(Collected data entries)
<<<<

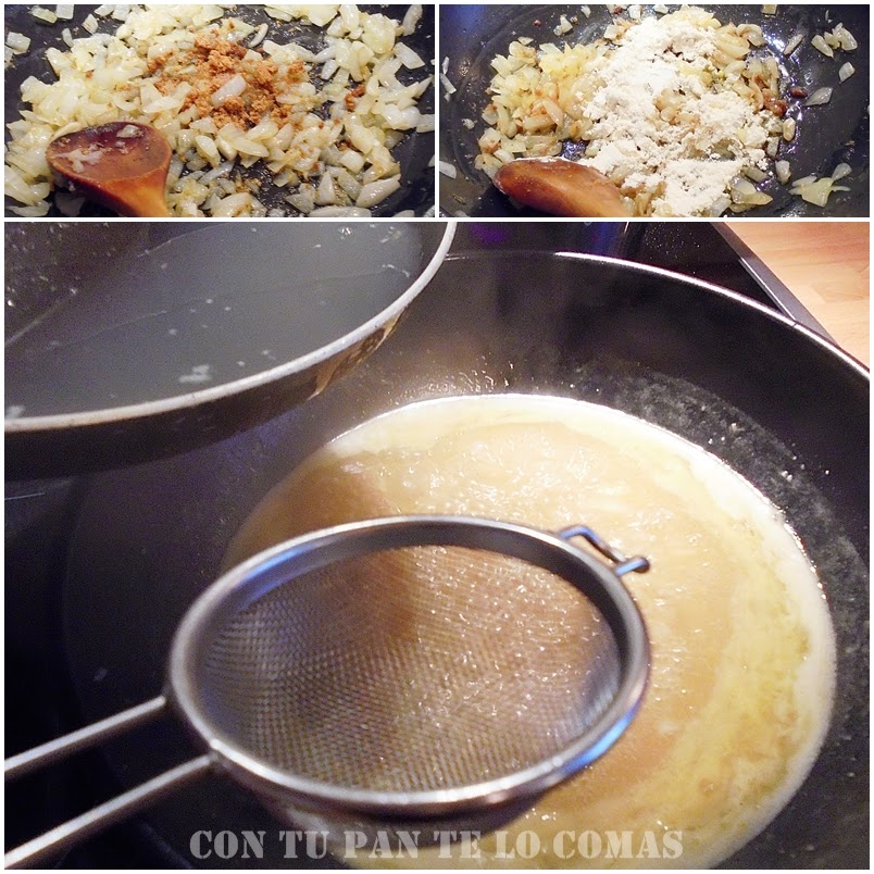 4. Cuando la cebolla transparente desmenuzamos la pastilla de caldo de pescado y removemos con la cebolla.
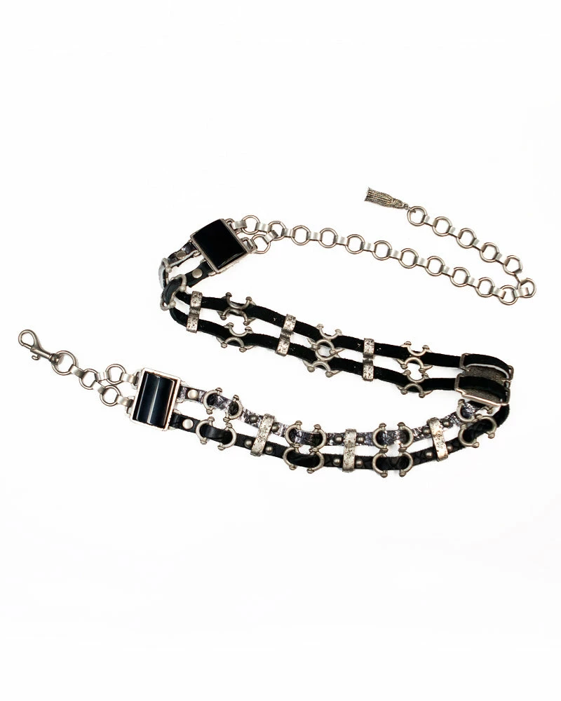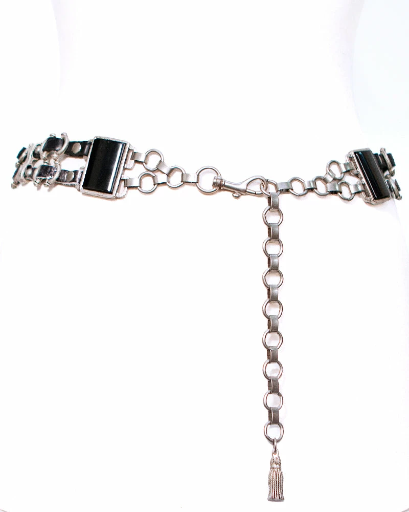 Black semi-precious stones are strung onto textured leather and accented with hammered hardware to form this chain belt.
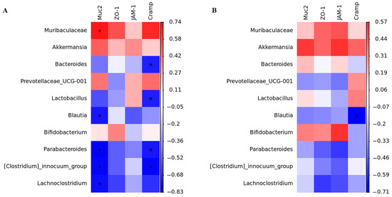 Correlation heatmap of gut microbiota and intestinal key genes in mice. (A) Correlation heatmap of gut microbiota and intestinal key genes in ileum. (B) Correlation heatmap of gut microbiota and intestinal key genes in colon. * p < 0.05.
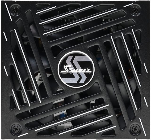 ▼直接在外殼上沖壓大型開孔風扇護網,護網部分肋條有白線裝飾,中間有Seasonic商標
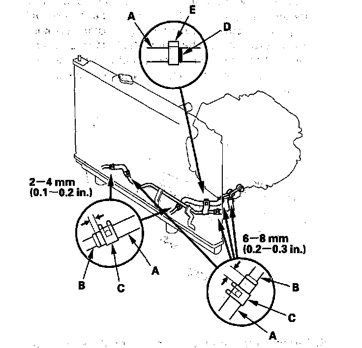 ATF Cooler Hose Replacement1. Connect the cooler hoses (A) to the ATF cooler lines (B) and the ATF cooler, and secure them with the clips (C).
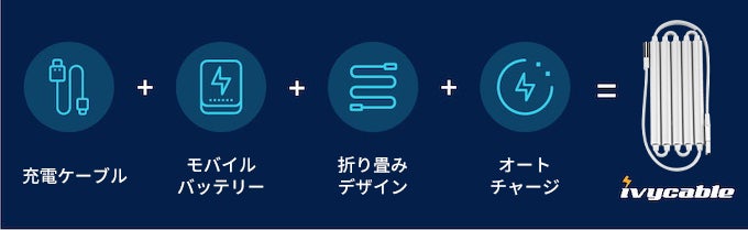 「IVYCable」は磁気式の接続部分を持ち、折り畳むことができるデザインのケーブルで、接続部分が絡まることもなく、場所を取らずスッキリ収納できます。
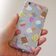 This is a clear iPhone case of the ice cream and ice candy.
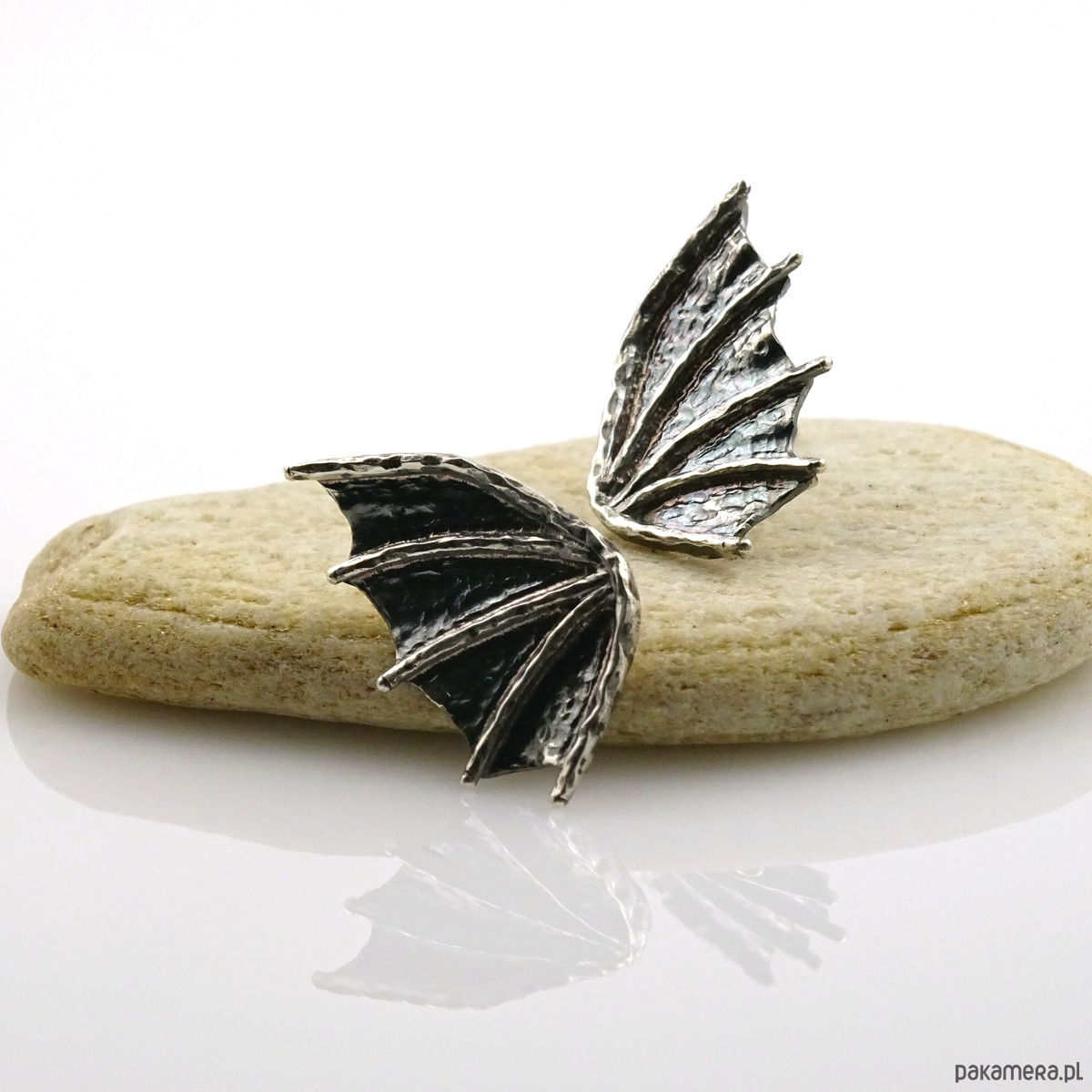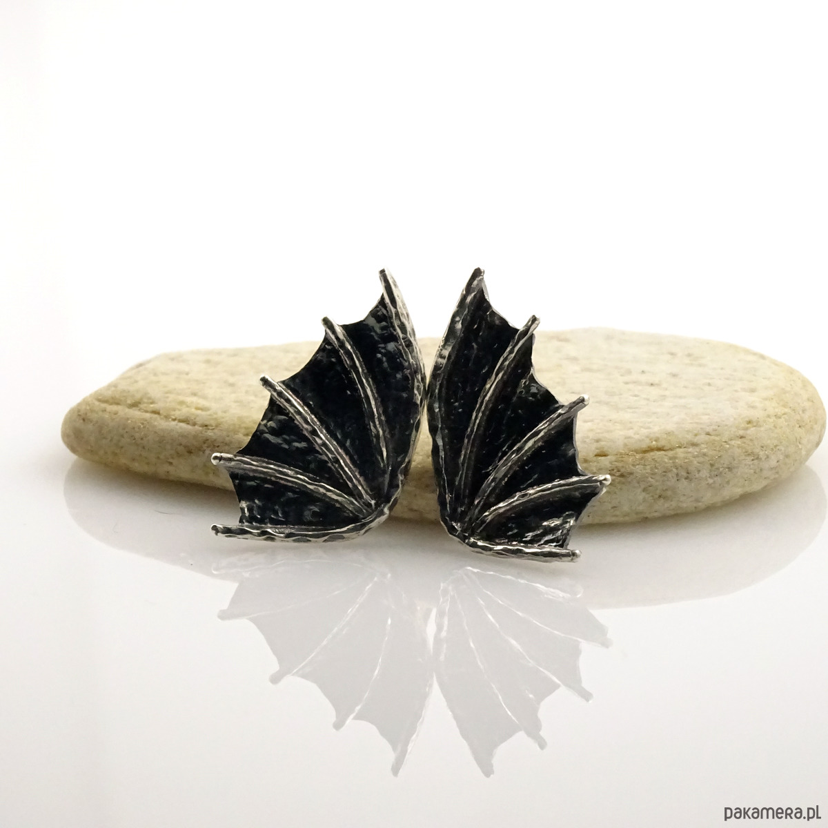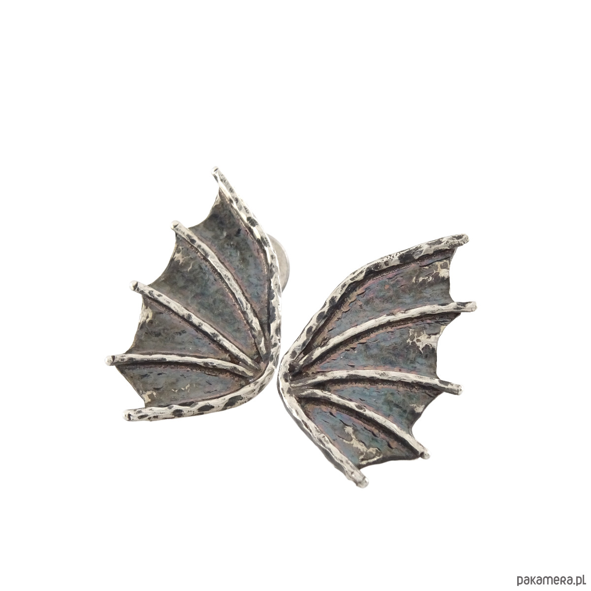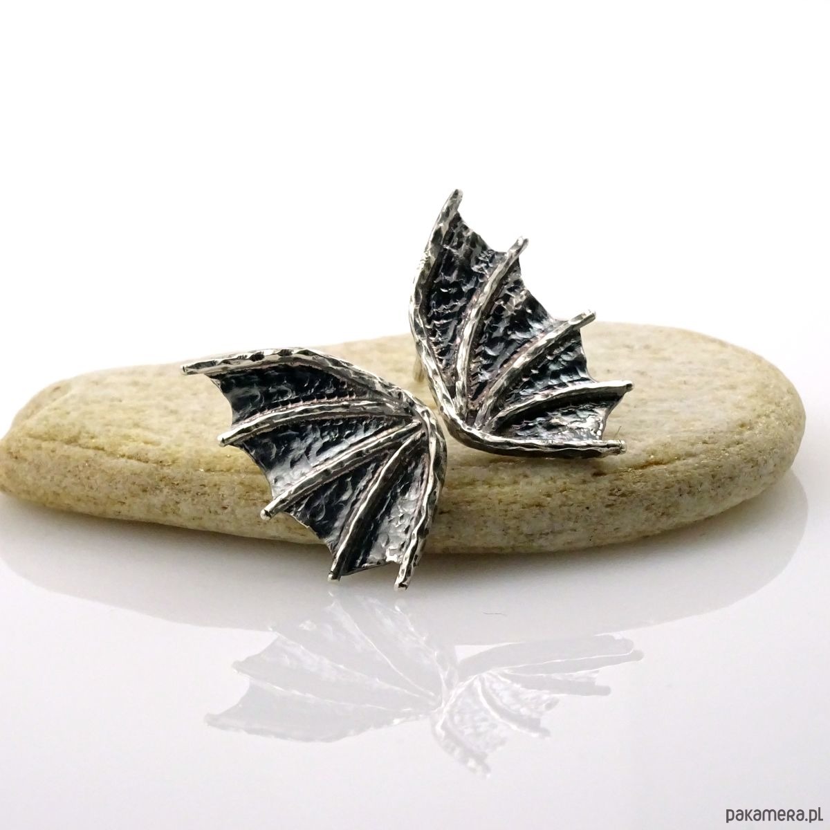 Surowe, ale jednocześnie subtelne kolczyki na sztyftach w kształcie smoczych skrzydeł (czasmi określane jako skrzydła nietoperza). Propozycja dla kobiet lubiących oryginalność i surowość w nienachalnym stylu. Powstały według autorskiego projektu i zostały wykonane ręcznie ze srebra próby 925. Dla lekko mrocznego stylu, srebro zostało przyciemnione oksydą.

>>>>

Transcribe every record exactly and omit each image.

**Your response**
 4. Cuando la cebolla transparente desmenuzamos la pastilla de caldo de pescado y removemos con la cebolla.
 Black semi-precious stones are strung onto textured leather and accented with hammered hardware to form this chain belt.
 Correlation heatmap of gut microbiota and intestinal key genes in mice. (A) Correlation heatmap of gut microbiota and intestinal key genes in ileum. (B) Correlation heatmap of gut microbiota and intestinal key genes in colon. * p < 0.05.
 ▼直接在外殼上沖壓大型開孔風扇護網,護網部分肋條有白線裝飾,中間有Seasonic商標
 ATF Cooler Hose Replacement1. Connect the cooler hoses (A) to the ATF cooler lines (B) and the ATF cooler, and secure them with the clips (C).
 「IVYCable」は磁気式の接続部分を持ち、折り畳むことができるデザインのケーブルで、接続部分が絡まることもなく、場所を取らずスッキリ収納できます。
 This is a clear iPhone case of the ice cream and ice candy.
 Surowe, ale jednocześnie subtelne kolczyki na sztyftach w kształcie smoczych skrzydeł (czasmi określane jako skrzydła nietoperza). Propozycja dla kobiet lubiących oryginalność i surowość w nienachalnym stylu. Powstały według autorskiego projektu i zostały wykonane ręcznie ze srebra próby 925. Dla lekko mrocznego stylu, srebro zostało przyciemnione oksydą.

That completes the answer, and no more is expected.